Implementation of a sample efficient and fast deep MBRL algorithm, Double Horizon Model-based Policy Optimization (DHMBPO) DHMBPO conceptually combines MBPO and SAC-SVG(H). The implementation if designed to use a gpu.

Sample and runtime efficient implementation

This implementation works on Gymnaisum (GYM) and DM control (DMC) even with common hyper-parameters over all tasks, with high sample efficiency, short runtime, and small GPU memory usage.

  • Visualization of each agents' optimized behavior at the final environment stsp (500K steps)
GYM Humanoid-v4 GYM Walker2d-v4 DMC cartplole-swingup_sparse DMC quadruped_run
  • Test return as a function of elapsed time (Figure 2(b) in the paper).

Setup execution environment

At first, install suitable version of pytorch<2 from here, then

pip install -e .

Basic options

Suites and tasks

for the Gymnaisum (formerly Open AI's gym) tasks, set env=gym and env.task_id to one of "MBHumanoid-v0", " MBAnt-v0", "MBHopper-v0", "MBHalfCheetah-v0" and "MBWalker2d-v0". These are identical with "Humanoid-v4", " Ant-v4", "Hopper-v4", "HalfCheetah-v4" and "Walker2d-v4" except for providing known reward function usable in offline policy optimization.
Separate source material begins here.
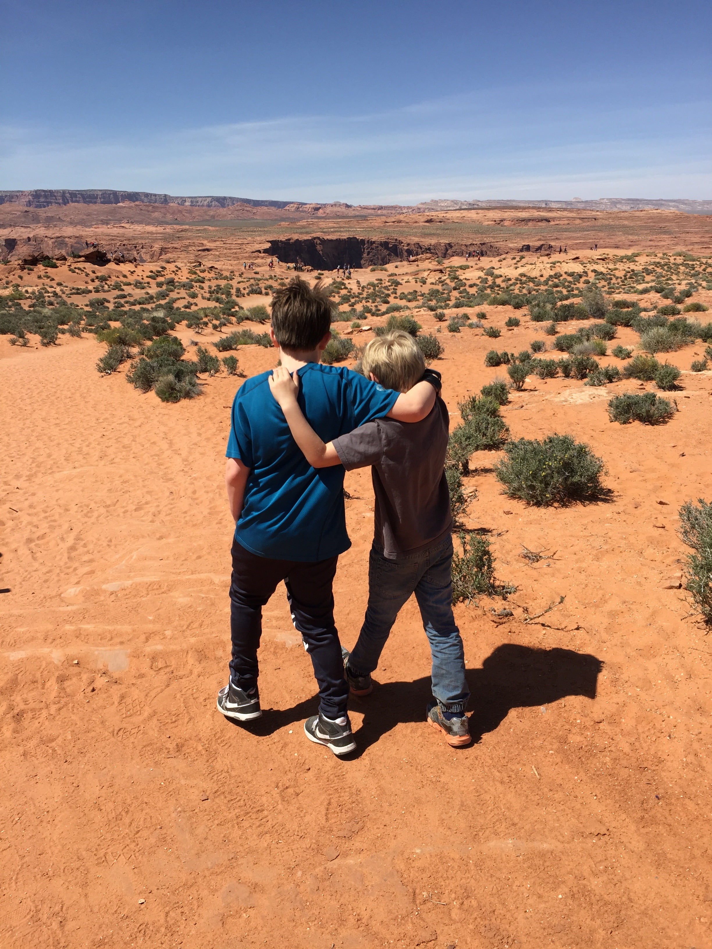 Vi tog herefter til en af de seværdigheder som jeg har set meget frem til “Horseshoe Bend” som er en utrolig flot kløft som er formet som en hestesko (så navnet giver ret god mening). Da vi ankom tog vi en hurtig “Suburban frokost” og gik derefter imod Horseshoe Bend. Det var en sti på ca 800 meter igennnem primært rødt sand. Bedstefar stoppede på en top ca ⅓ del af turen da han fortsat passer på sin ryg. Vi andre gik helt ned til kløften.

Other available value for env is dmc for DM control (DMC), gym-robo for Gymnasium-Robotics and myosuite for MyoSuite.

How to reproduce results in the paper

In the following, we use quadruped-run in the DMC suite.

Main result: DHMBPO in Figure 2(a) for GYM or Figure 3 for DMC

Execute DHMBPO algorithm with option agent=dhmbpo. For GYM tasks, you need to specify env=gym followed by e.g., env.task_id=MBHalfCheetah-v0 as described in the subsection "Suites and tasks".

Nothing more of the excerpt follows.